## PROMPT
Emit the data below verbatim, stripping out any pictures.

SOURCE DATA START

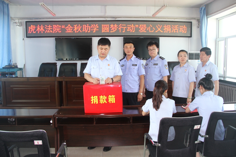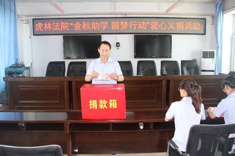 虎林法院党组充分发挥模范带头作用,以身作则,积极踊跃捐款,广大干警积极响应,纷纷慷慨解囊,以实际行动奉献自己的力量。100元、200元、300元……捐助的款项不同,但干警们奉献爱心,帮助贫困学子圆大学梦的初衷是一致的。在活动现场共筹得3205元善款,充分展现了虎林法院干警为民、亲民、爱民的情怀和乐于助人、勇于奉献的精神风貌。
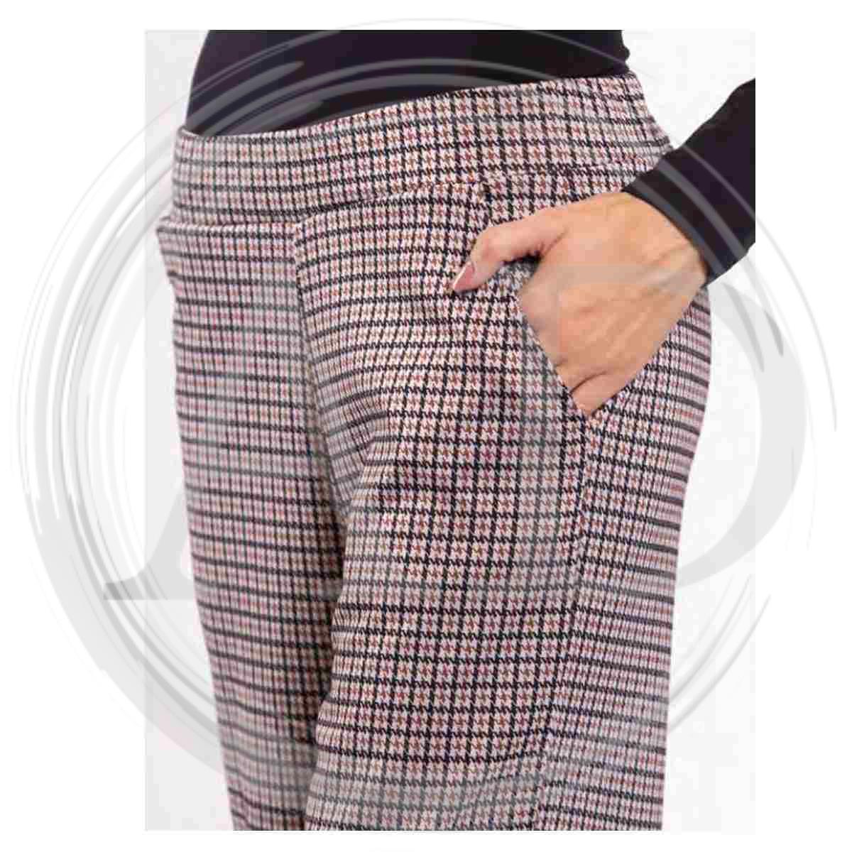 Modello palazzo a fantasia con elastico in vita e tasche laterali, realizzati in morbida maglia jacquard elasticizzata soft touch, effetto lana.
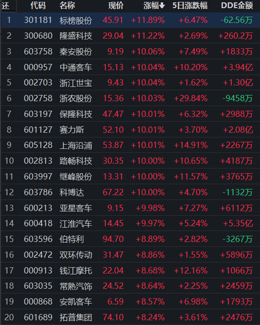 具體來看,汽車行業(yè)領(lǐng)漲,漲幅達3.31%,獲得23.26億元大單資金的凈流入,居第一位。行業(yè)237只交易中的個股,有220只上漲,其中,45只個股漲幅超5%。
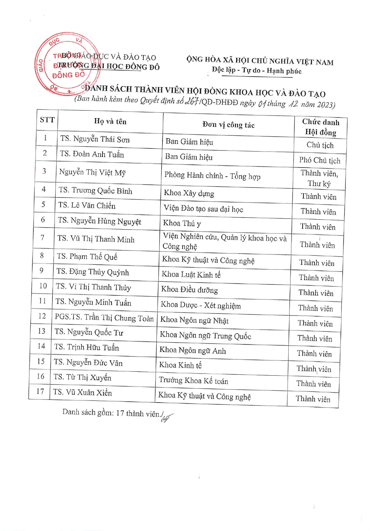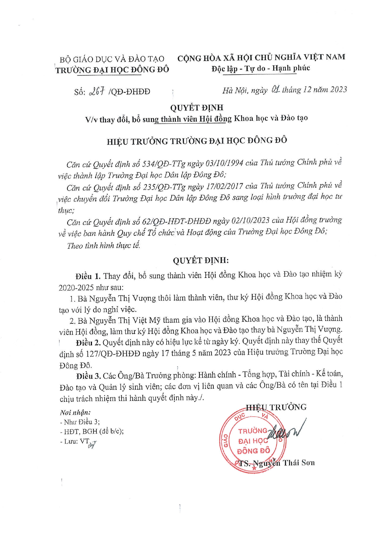 Hiệu trưởng Trường Đại học Đông Đô ban hành quyết định số 267/QĐ-ĐHĐĐ về việc thay đổi, bổ sung thành viên Hội đồng Khoa học và Đào tạo. Chi tiết tại văn bản dưới đây:

SOURCE DATA END

## EXERCISE OUTPUT
 虎林法院党组充分发挥模范带头作用,以身作则,积极踊跃捐款,广大干警积极响应,纷纷慷慨解囊,以实际行动奉献自己的力量。100元、200元、300元……捐助的款项不同,但干警们奉献爱心,帮助贫困学子圆大学梦的初衷是一致的。在活动现场共筹得3205元善款,充分展现了虎林法院干警为民、亲民、爱民的情怀和乐于助人、勇于奉献的精神风貌。
 Modello palazzo a fantasia con elastico in vita e tasche laterali, realizzati in morbida maglia jacquard elasticizzata soft touch, effetto lana.
 具體來看,汽車行業(yè)領(lǐng)漲,漲幅達3.31%,獲得23.26億元大單資金的凈流入,居第一位。行業(yè)237只交易中的個股,有220只上漲,其中,45只個股漲幅超5%。
 Hiệu trưởng Trường Đại học Đông Đô ban hành quyết định số 267/QĐ-ĐHĐĐ về việc thay đổi, bổ sung thành viên Hội đồng Khoa học và Đào tạo. Chi tiết tại văn bản dưới đây:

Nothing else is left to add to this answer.